Su actuación sí que cuenta con el absolutismo que quisiera para sí Ricardo III, las dos horas de función son un recital de maestría por su parte. No hay quiebro, ironía, matiz, miedo, exceso, capricho o escondite del personaje creado por Shakespeare que se le escape al actor sevillano. Todo lo contrario, él lo desnuda y lo hace realidad en un continuum que arrastra consigo al montaje técnico y actoral de estos “Sueños y visiones del Rey Ricardo III”. La magia de su trabajo hace que lo que podría restarle brillantez no lo logre, como es una escenografía que parece no ser tal al quedarse reducida tan solo a unos juegos de luces y proyecciones entre oscuridades; o el correcto recitar, aunque sin brillo maestro, del resto del reparto, a pesar del silente potencial en bruto pidiendo más de las grandes Terele Pávez,  Asunción Balaguer y Ana Torrent. Sin embargo, esto no resta ni pesa sobre Juan Diego, sino que hace más evidente los méritos de su protagonismo y la genialidad de su interpretación.

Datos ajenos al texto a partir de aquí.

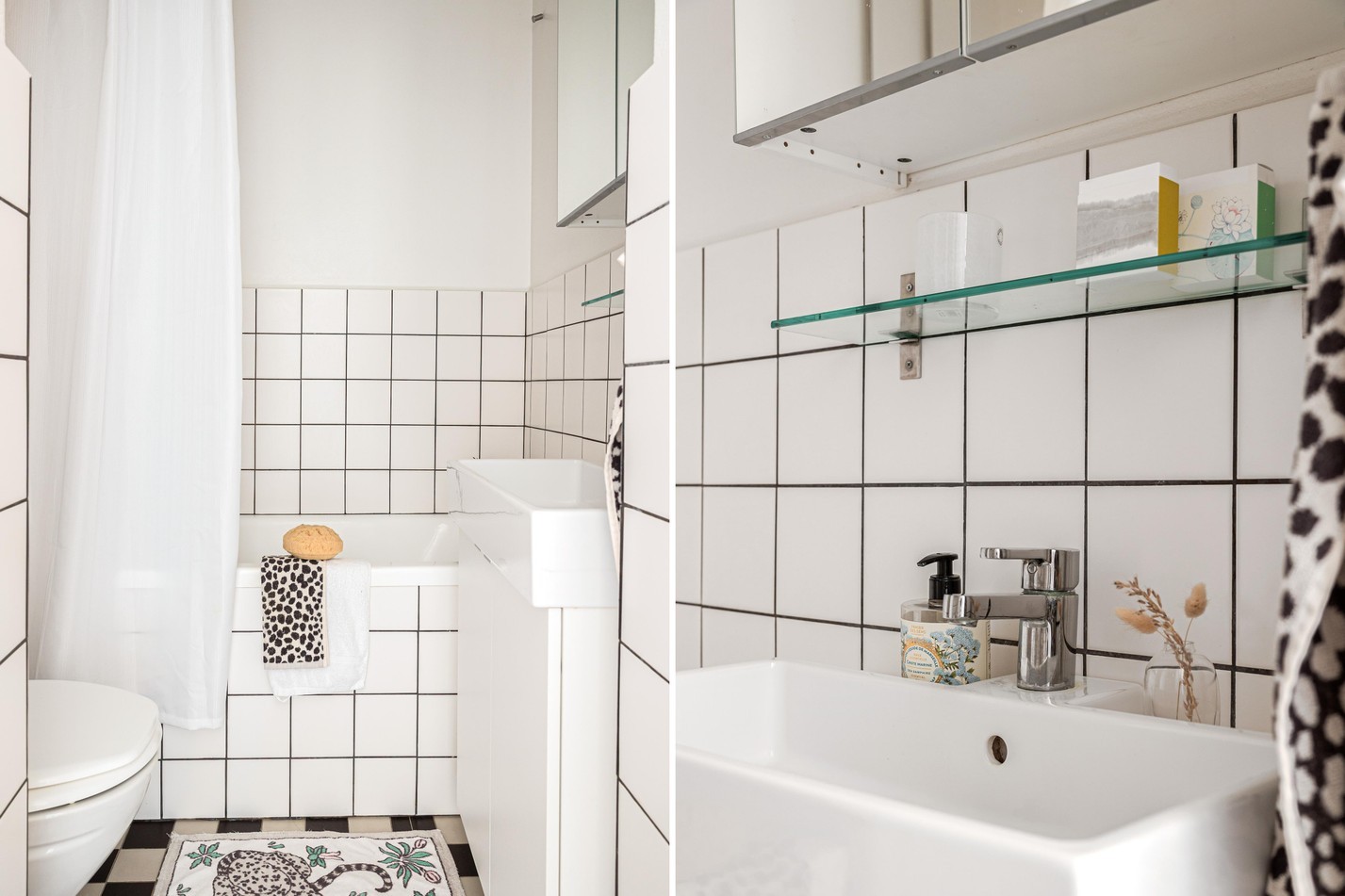 Detta badrum är utrustat med både badkar och duschmöjligheter – perfekt för dig som vill kunna varva ner med ett varmt bad efter en lång dag. De vitkaklade väggarna i tidlös rutdesign ger ett fräscht och lättskött intryck.
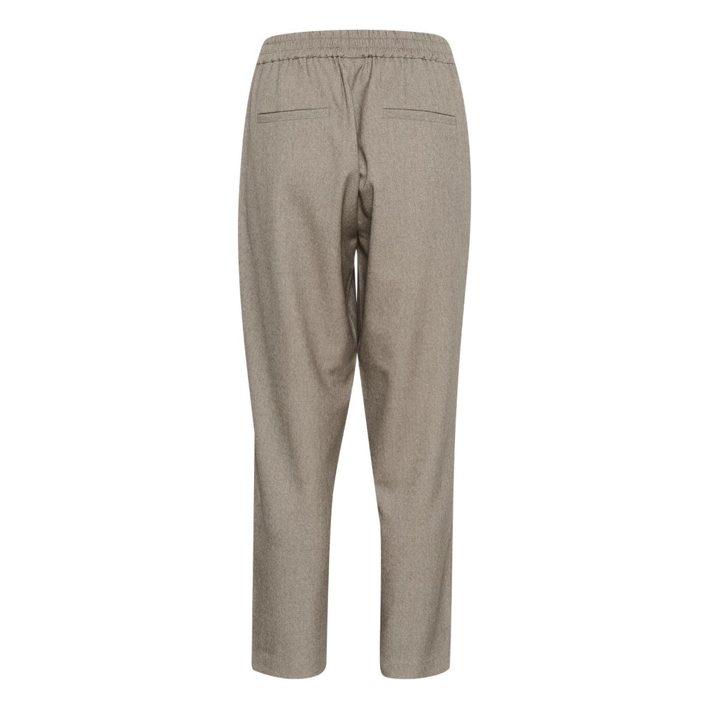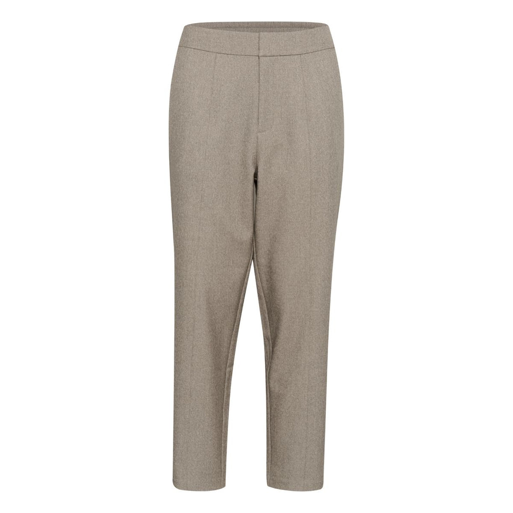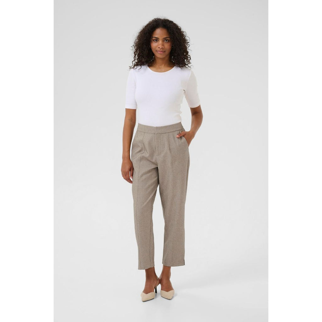 Fine højtaljede bukser fra Kaffe. Tilla cropped pant har elastik og et fast stykke i livet, skrålommer og paspel lommer bagpå. De har lige ben med vidde og pressefolder. Kan sammensættes med Tilla blazer der passer til.
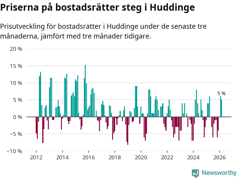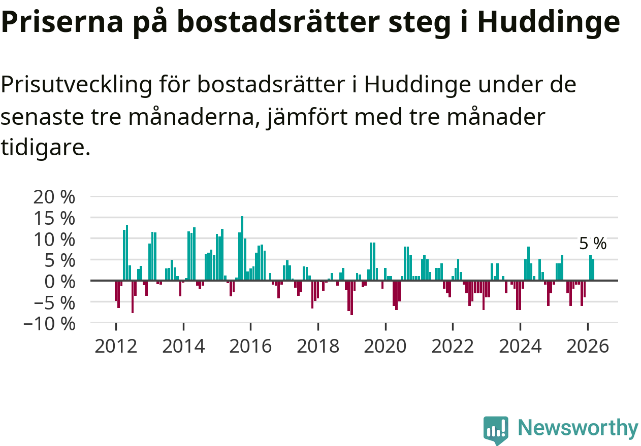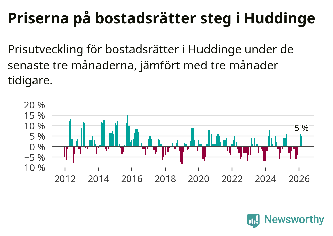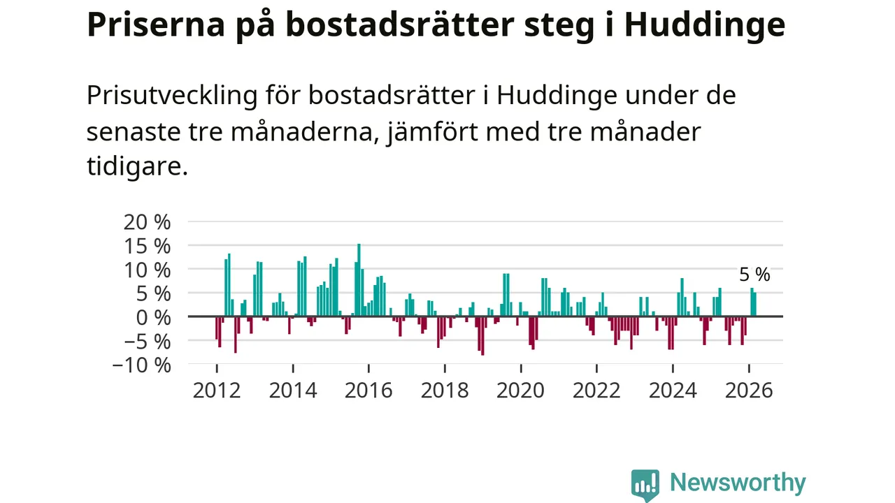 Priserna på bostadsrätter har gått upp i Huddinge kommun. Medelpriset på försäljningarna under de senaste tre månaderna visar på en uppgång med 5 procent.
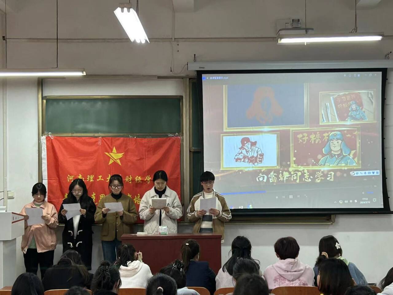 为全面学习贯彻习近平总书记关于深入开展学雷锋活动的重要指示精神,深刻把握雷锋精神时代内涵,传承和发扬雷锋精神,营造和谐互助、团结友爱的良好氛围,财经学院团委办公室于3月12日在经管楼1212组织第四期青马班学员开展“学雷锋、树新风、促团结”雷锋月主题活动。
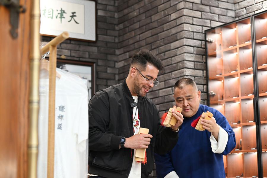 Raydis Franco (L) poses for photos with Ma Xiaochuan, the grandson of Ma Sanli, a renowned Xiangsheng performer, in Dongli District of north China's Tianjin, April 24, 2025. (Xinhua/Li Ran)

El pasado 14 de diciembre al acabar la función, con todos los espectadores  en pie aplaudiendo a Juan Diego por su derroche y su 72 cumpleaños él tuvo unas palabras que de manera aproximada recuerdo así: “Hoy ha sido uno de esos días en que los que hemos estado sobre las tablas hemos sentido la magia maravillosa del teatro, cuando escenario y patio de butacas se funden todo en uno, y este lugar se llena de una energía tremenda y especial bajo la quedamos unidos actores y espectadores. Hoy es de esos días en que esa profesión merece realmente la pena, en que se ve el valor de la cultura, a pesar de los tiempos que vivimos en donde esta es tan pisoteada y maltratada por los que nos gobiernan.”

Shakespeare escribió una obra que recoge con deslumbradora naturalidad lo despiadado que puede llegar a ser el hombre, ver a Juan Diego en el escenario del Teatro Español representando a Ricardo III es una buena manera de tomar conciencia sobre lo bárbaro que puede llegar a ser un hombre en el mal, así como de reflexionar sobre su grandeza cuando se propone compartir y ofrecer sus cualidades y capacidades.

«Sueños y visiones del rey Ricardo III», hasta el 28 de diciembre en el Teatro Español (Madrid).